==== Excerpted records

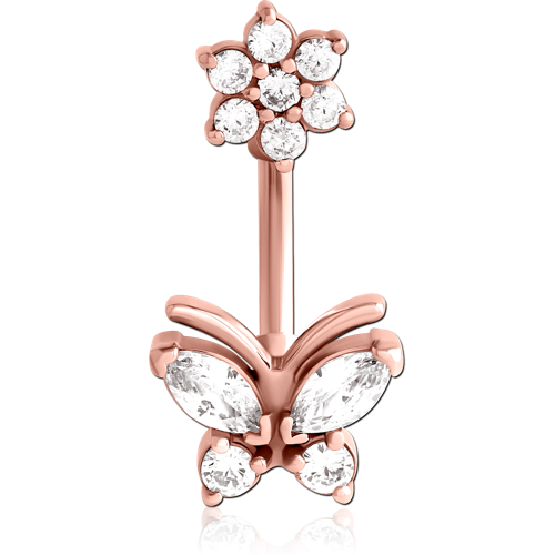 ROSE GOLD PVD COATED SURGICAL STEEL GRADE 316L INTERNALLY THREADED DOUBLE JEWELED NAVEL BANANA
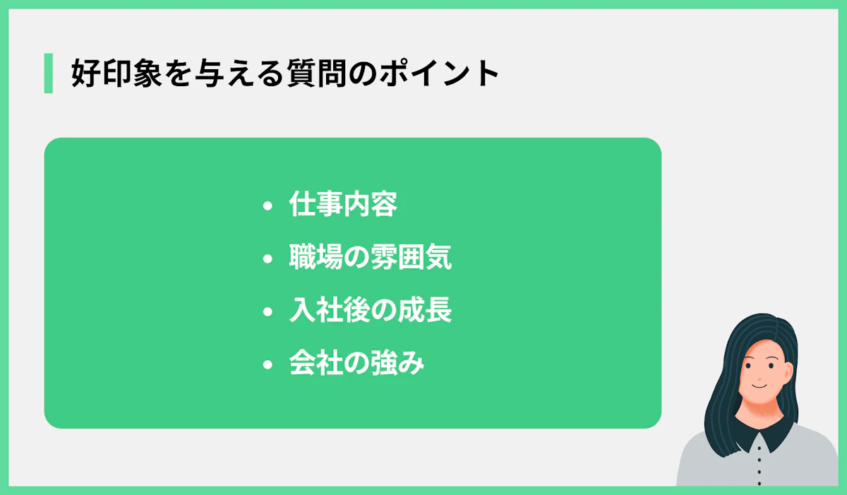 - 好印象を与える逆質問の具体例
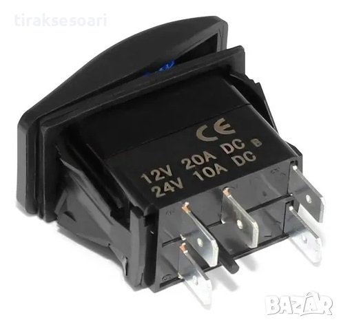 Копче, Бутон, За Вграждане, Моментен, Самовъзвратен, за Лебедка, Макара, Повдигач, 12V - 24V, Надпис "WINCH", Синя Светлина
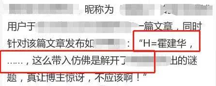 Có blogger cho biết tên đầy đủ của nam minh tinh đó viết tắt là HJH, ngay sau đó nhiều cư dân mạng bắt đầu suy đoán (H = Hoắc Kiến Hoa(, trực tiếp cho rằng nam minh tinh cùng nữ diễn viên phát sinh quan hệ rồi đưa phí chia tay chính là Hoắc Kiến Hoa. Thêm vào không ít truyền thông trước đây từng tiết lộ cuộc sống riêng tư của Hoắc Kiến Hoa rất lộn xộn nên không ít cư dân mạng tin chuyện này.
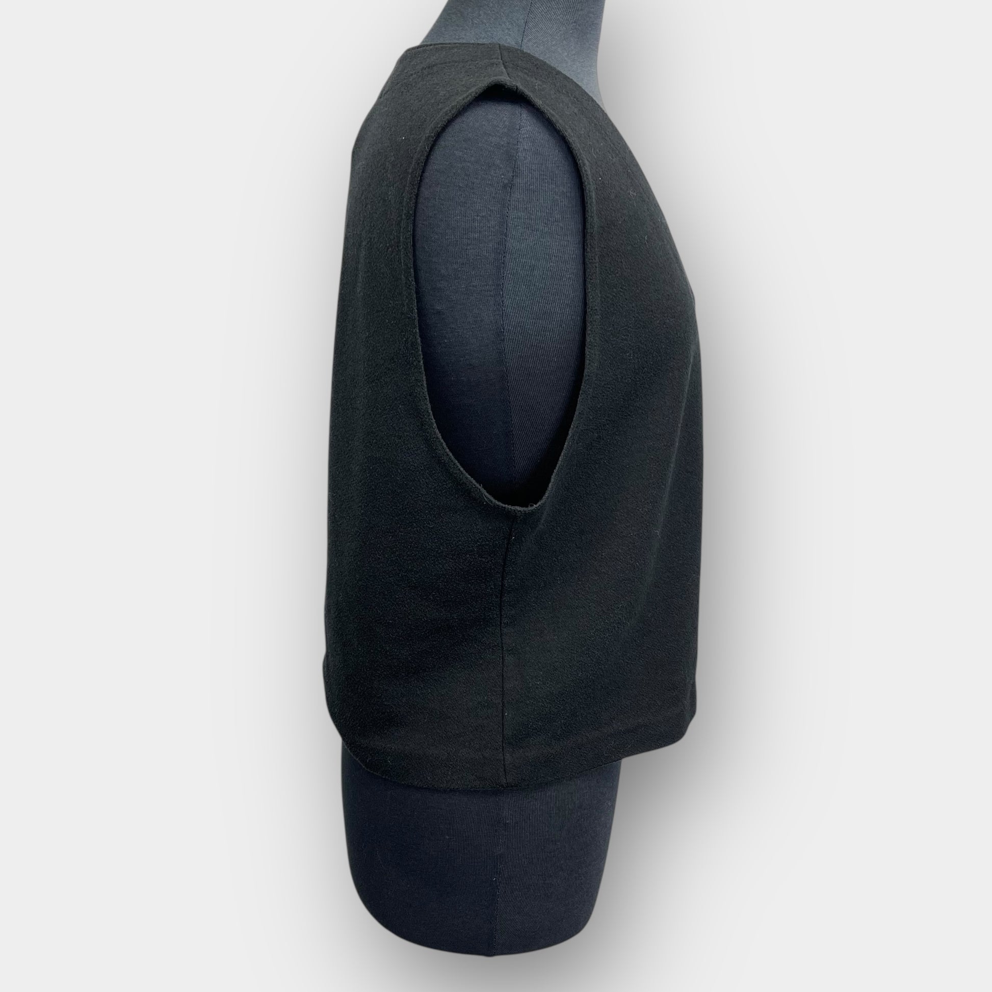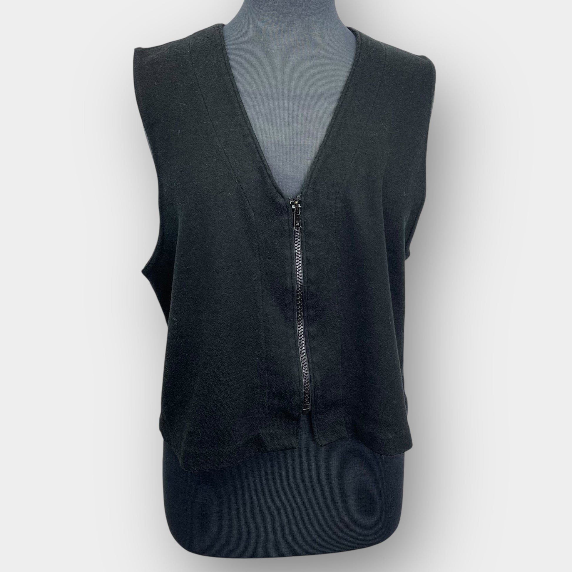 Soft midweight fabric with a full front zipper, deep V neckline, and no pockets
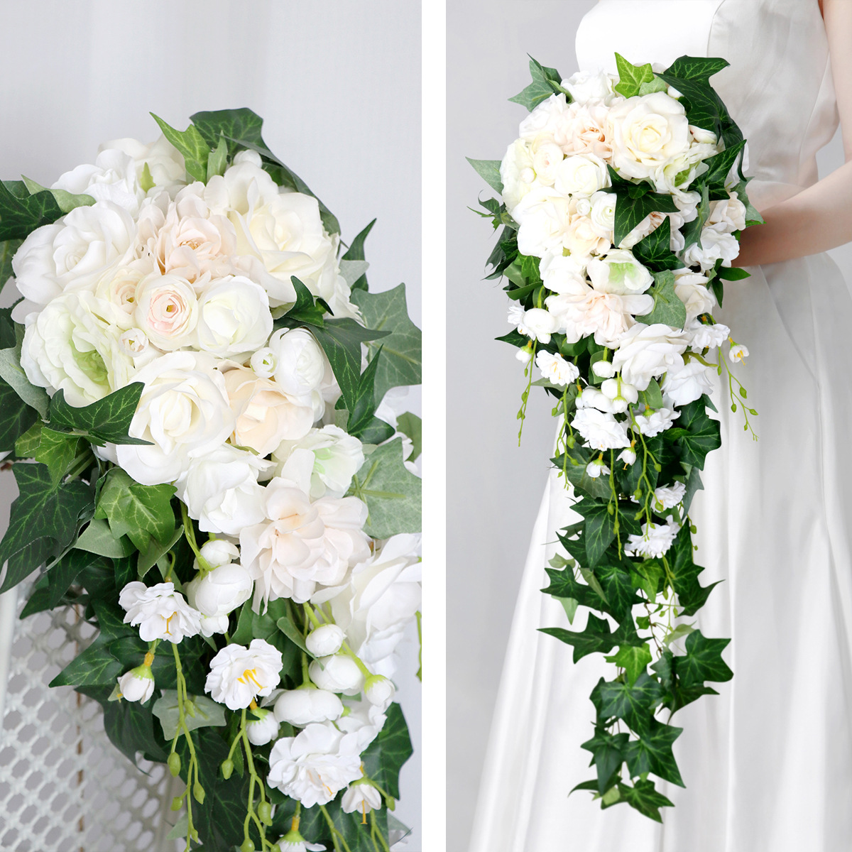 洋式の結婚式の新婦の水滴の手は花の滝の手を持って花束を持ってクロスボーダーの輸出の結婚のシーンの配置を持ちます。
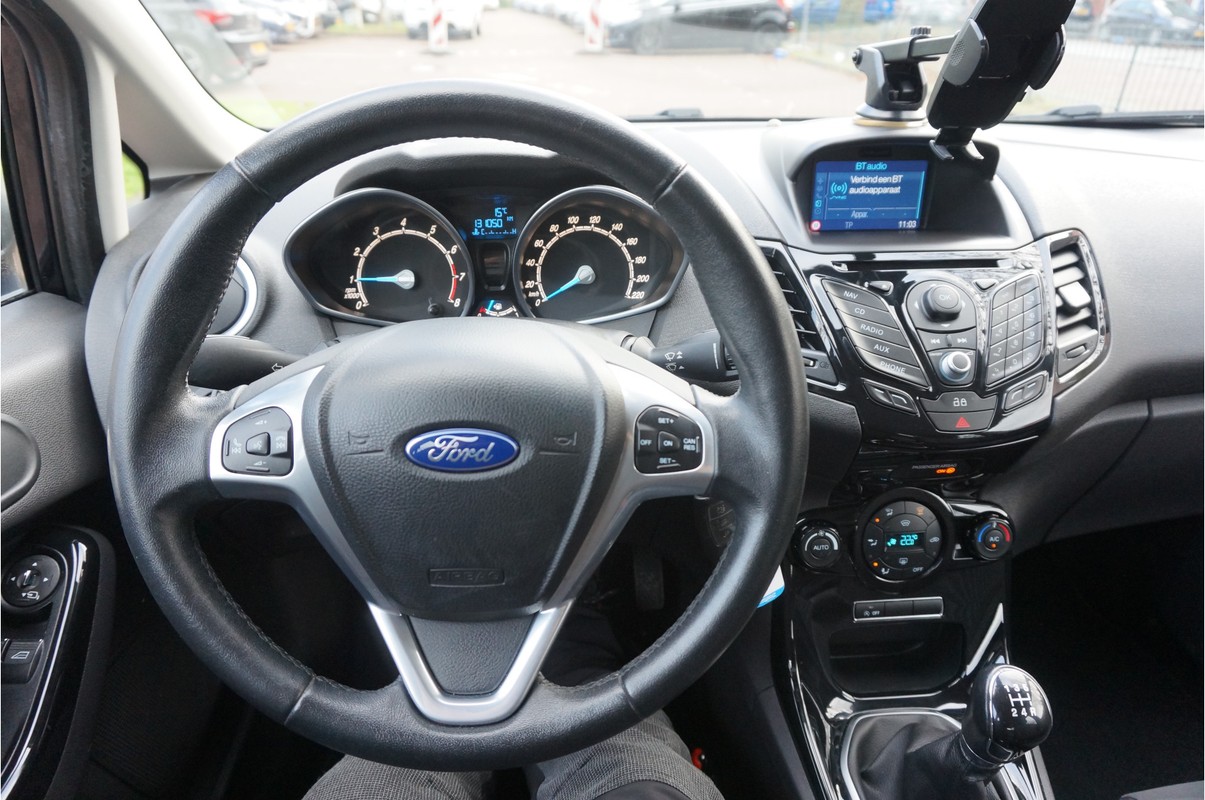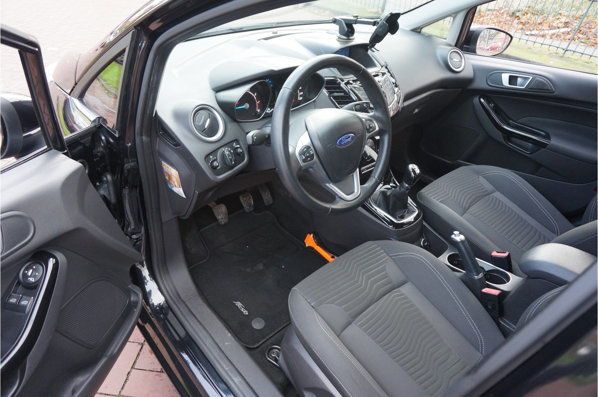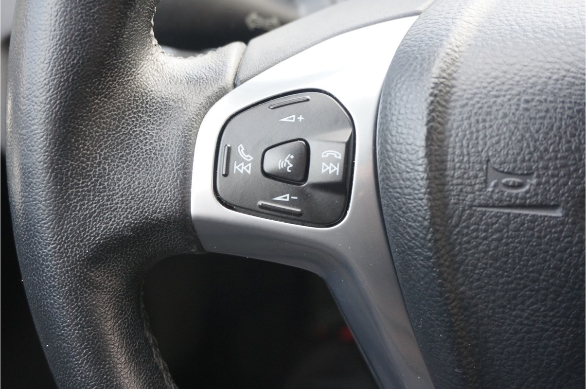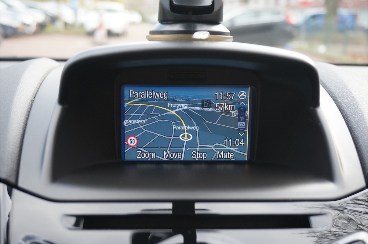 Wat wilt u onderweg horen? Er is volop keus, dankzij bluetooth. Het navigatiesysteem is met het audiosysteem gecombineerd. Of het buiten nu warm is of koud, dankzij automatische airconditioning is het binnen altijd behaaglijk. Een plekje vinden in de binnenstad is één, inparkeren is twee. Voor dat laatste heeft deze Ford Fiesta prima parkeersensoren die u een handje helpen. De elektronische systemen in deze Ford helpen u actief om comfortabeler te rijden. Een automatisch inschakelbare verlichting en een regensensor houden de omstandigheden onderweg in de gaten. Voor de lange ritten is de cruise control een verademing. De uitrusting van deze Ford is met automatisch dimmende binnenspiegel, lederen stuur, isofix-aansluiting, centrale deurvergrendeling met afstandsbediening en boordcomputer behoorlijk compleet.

========

In the entries above, find the line containing "- 好印象を与える逆質問の具体例" and the line containing "Копче, Бутон, За", then copy both and every line between them exactly, without any picture.

 - 好印象を与える逆質問の具体例
 Копче, Бутон, За Вграждане, Моментен, Самовъзвратен, за Лебедка, Макара, Повдигач, 12V - 24V, Надпис "WINCH", Синя Светлина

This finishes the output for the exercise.